A Technique from the 1950s, Supercharged by Silicon Valley
The underlying science is not new. The Sterile Insect Technique has been in use since the 1950s and has been credited with driving harmful insects like the screwworm fly out of North America entirely. It has also proved effective against agricultural pests including fruit flies and codling moths. What has historically prevented its use against mosquitoes at meaningful scale is the sheer difficulty of rearing, sorting, and releasing insects in numbers large enough to suppress wild populations.
That is where Alphabet’s engineering resources come in. Verily has developed AI-powered optical sorting systems that can separate male and female mosquitoes at scale with high precision, along with automated mass-rearing systems capable of producing millions of insects per week. The company also uses proprietary data analytics and sensor networks to guide and optimize each release. The Debug team describes the initiative as applying Silicon Valley’s capabilities in machine learning, automation, and engineering to a public health challenge that biology alone has never been able to crack at scale.
Earlier Debug field trials in California’s Central Valley, targeting Aedes aegypti mosquitoes, were reported by Bloomberg to have nearly eliminated those insects from three test sites a striking early result for a program that spent years out of the public spotlight. Separate Wolbachia-based programs in Singapore, Australia and parts of Florida have also reported meaningful reductions in disease-carrying mosquito populations.
What the EPA Is Reviewing

Debug’s program literature indicates that scientists spend time inside the communities where they intend to operate before any releases begin, working with local governments, community leaders and research institutions to understand local concerns. “We actively work with organizations like national and local governments, community leaders and research institutes,” the company’s FAQ page states.
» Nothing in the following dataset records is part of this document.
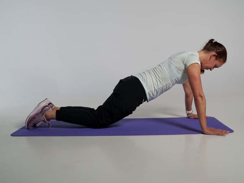 Plasser hendene litt bredere enn skulderbredde. Hold kroppen i en rett linje fra hode til hæl, ikke svai eller krum korsryggen. Fest blikket litt foran hendene. Senk deg kontrollert ned ved å bøye albuene – press deg så opp igjen.
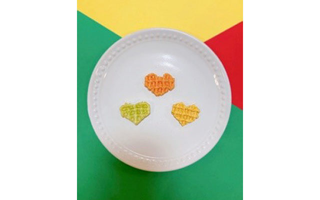 中身の3色のスナックは、かわいらしいハート型で、緑黄色野菜をおいしく楽しく食べられます。スナックの中には、大きさ約2倍の「おっきいハート」(赤色のみ)がまれに入っており、親子で探す楽しさや見つけたときにハッピー!な気持ちになれるなどとご好評をいただいています。
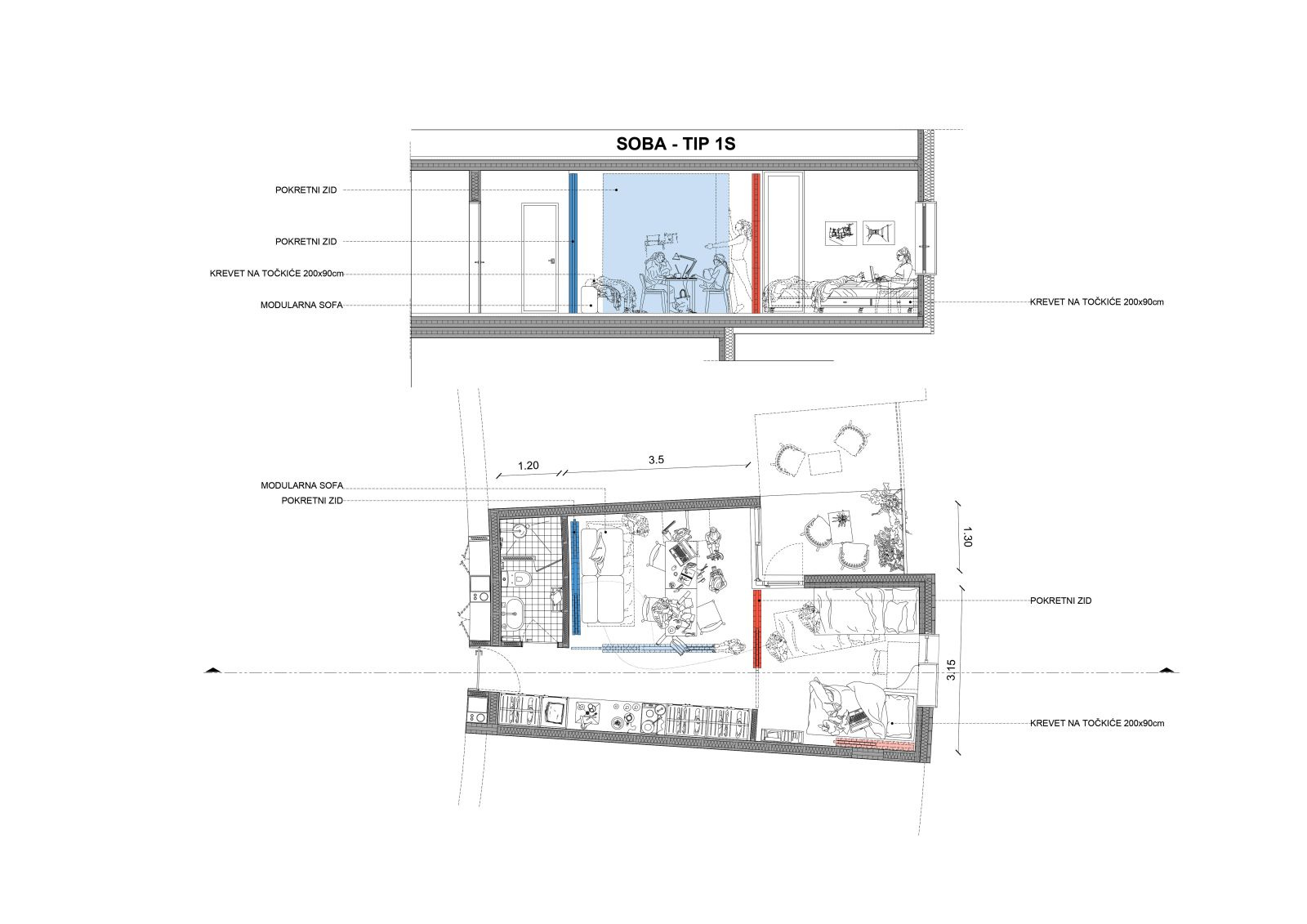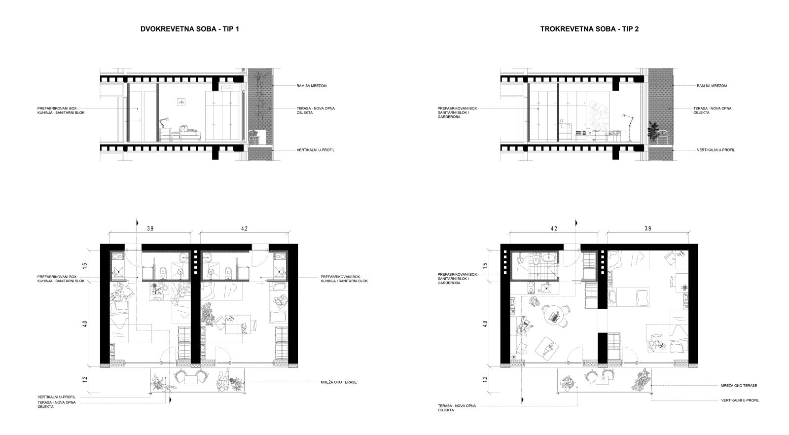 3. OBOGAĆIVANJE TIPOLOGIJE SOBA uvođenjem udvojenog tipa sobe, gde troje studenata dele zajednički dnevnu zonu, kuhinju i kupatilski blok. Dodatno na svakoj etaži je jedna soba otvorena ka zajedničkoj komunikaciji radi formiranja manjih dnevnih soba na višim etažama, kako su do sada svi zajednički prostori bili smešteni samo u prizemlju.
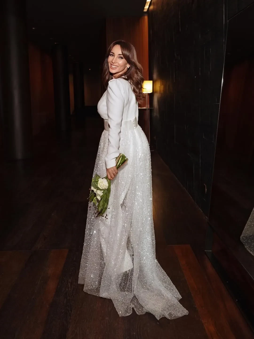 Анфиса Чехова и Александр ЗлатопольскийАнфиса Чехова и Александр ЗлатопольскийФото Анфисы ЧеховойНа роспись в ЗАГСе ведущая пришла в белом комбинезоне бренда Ammonit, а на вечеринку переоделась в платье Magirani с декольте. В начале празднования жених и невеста станцевали танец молодожёнов под хит Селин Дион All By Myself, а после отмечали с гостями и тамадой.
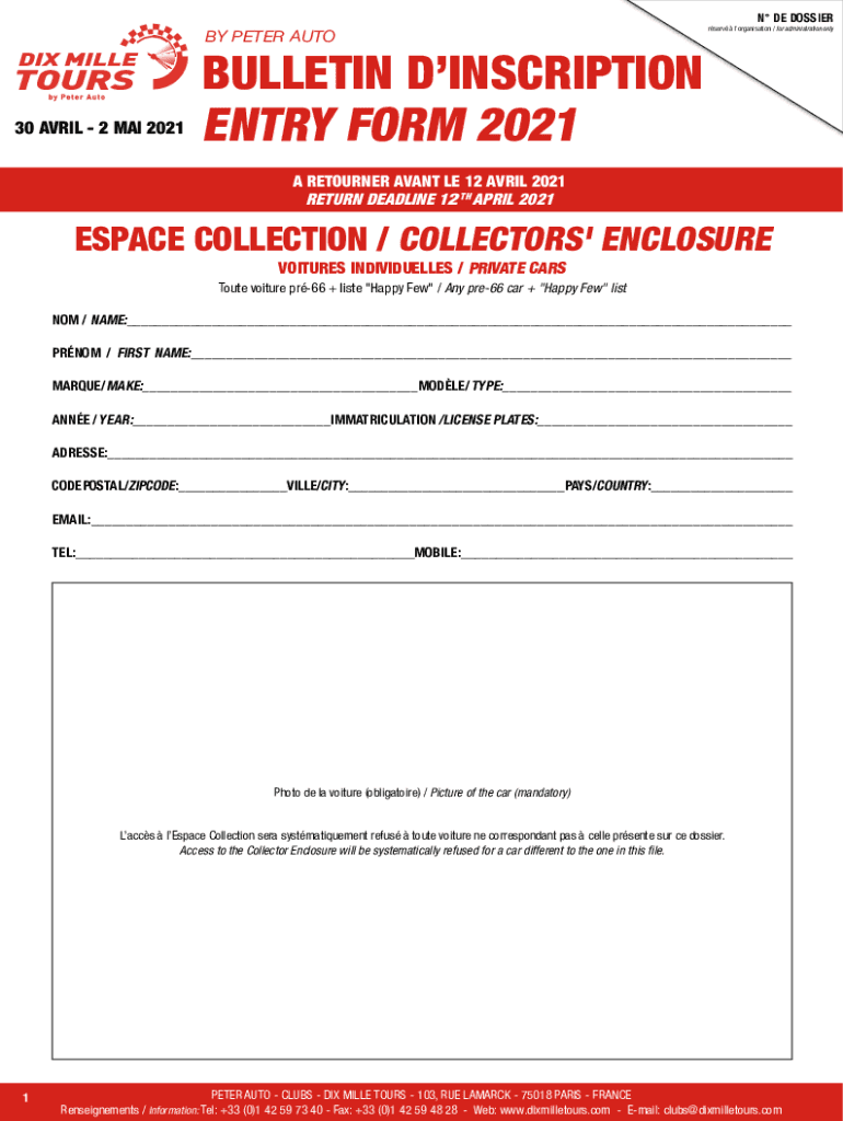 N DE DOSSIER PETER AUTO30 APRIL 2 MAI 2021rserv organization / for administration onlyBULLETIN INSCRIPTION ENTRY FORM 2021 A RETURNER SAVANT LE 12 APRIL 2021 RETURN DEADLINE 12 TH APRIL 2021ESPACE
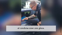 Des policiers offrent des glaces aux automobilistes
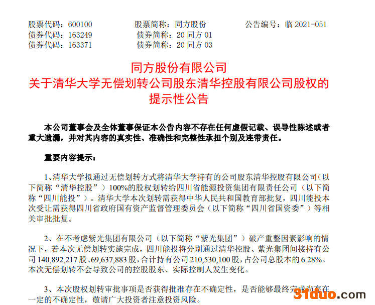 图片来源:同方股份公告截图
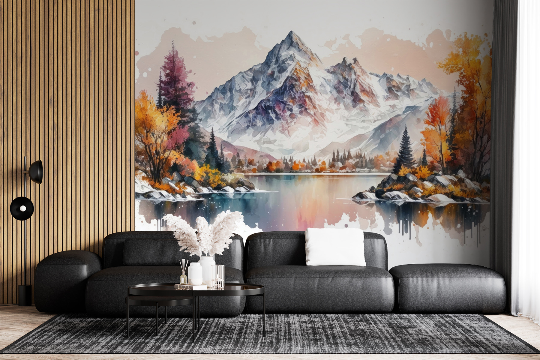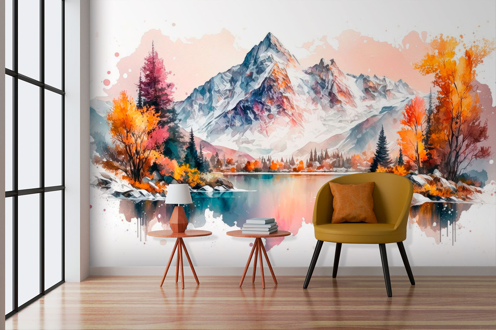 Φανταστείτε να μπαίνετε σε ένα δωμάτιο και να αισθάνεστε αμέσως ότι μεταφέρεστε σε μια ιδιόρρυθμη χώρα θαυμάτων – αυτή η τοιχογραφία κάνει ακριβώς αυτό. Με τη μαγευτική ζωγραφική ενός δέντρου που φοράει ζωντανά πορτοκαλί φύλλα, είναι σαν το φθινόπωρο να αναβαθμίστηκε και να μετακόμισε σε εσωτερικό χώρο! Ιδανική για το δωμάτιο ενός παιδιού ή οπουδήποτε θέλετε να πασπαλίσετε λίγο μαγικό ορεινό τοπίο – σοβαρά, αυτή η τέχνη θα μπορούσε να γοητεύσει και ένα γιέτι. Το εφέ υδατογραφίας προσθέτει μια ονειρική ατμόσφαιρα, κάνοντάς το να μοιάζει σχεδόν σαν μια απαλή αγκαλιά από την ίδια τη φύση. Είτε πίνετε καφέ είτε κάνετε ένα μυστικό πάρτι τσαγιού με λούτρινα ζωάκια, αυτή η τοιχογραφία είναι ένα πολύχρωμο σκηνικό που ψιθυρίζει γαλήνη και περιπέτεια ταυτόχρονα.
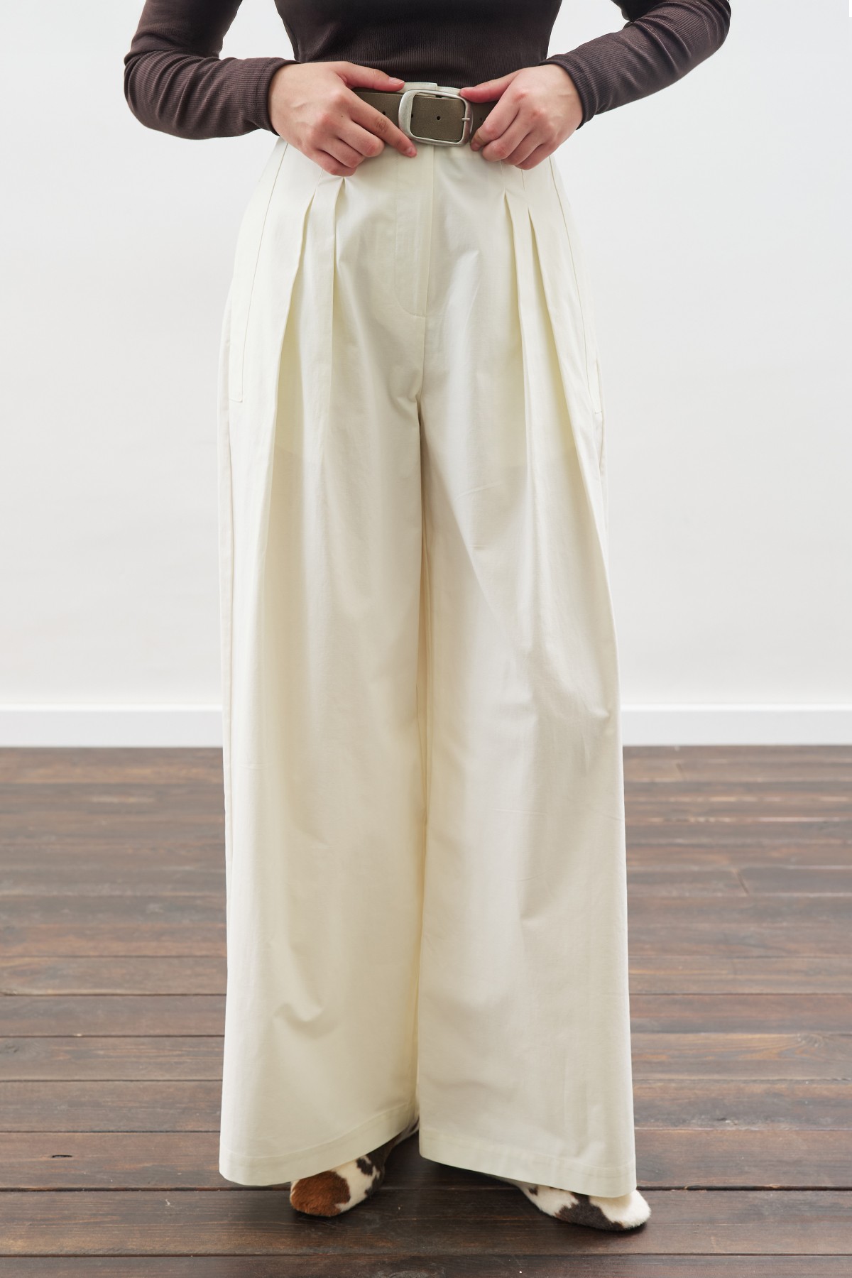 بنطلون أساسي بشريط مطاطي عند الخصر – بيج

Regulators have not yet announced where within Florida or California any releases would be carried out if the permit is granted. The specific zones would likely be areas with documented higher rates of mosquito-borne disease transmission.
Alphabet’s Expanding Footprint in Public Health
The Debug proposal is the latest example of Alphabet pushing into territory well beyond its search and advertising core. Google’s growing ambitions in life sciences and health technology have drawn increasing scrutiny as the company battles disruption in its core search business, even as projects like Debug demonstrate the breadth of Alphabet’s research investments.
Verily, which separated from Alphabet’s direct corporate umbrella in early 2026 after raising a $300 million investment round to accelerate its AI and precision health work, has positioned the Debug Project as a flagship example of how advanced technology can be brought to bear on chronic public health failures. The initiative launched in 2016 and has since expanded its presence to Singapore and Australia, with ambitions to move into South America and the Caribbean.
The company frames the effort as a corrective to decades of inadequate options. Chemical pesticides face growing resistance. Vaccines for many mosquito-borne illnesses either do not exist or offer only partial protection. Eliminating standing water, while useful, cannot reach the cryptic breeding habitats that invasive mosquito species exploit in urban environments.
“Mosquitoes are fragile and difficult to rear in the necessary numbers,” the Debug website acknowledges. “With Debug, we’re developing new technologies to make it possible.”
Whether the EPA grants the permit and on what terms will signal both the regulatory appetite for large-scale biological vector control in the United States and the extent to which tech-industry resources can be meaningfully directed at public health challenges that have stubbornly resisted conventional solutions for generations.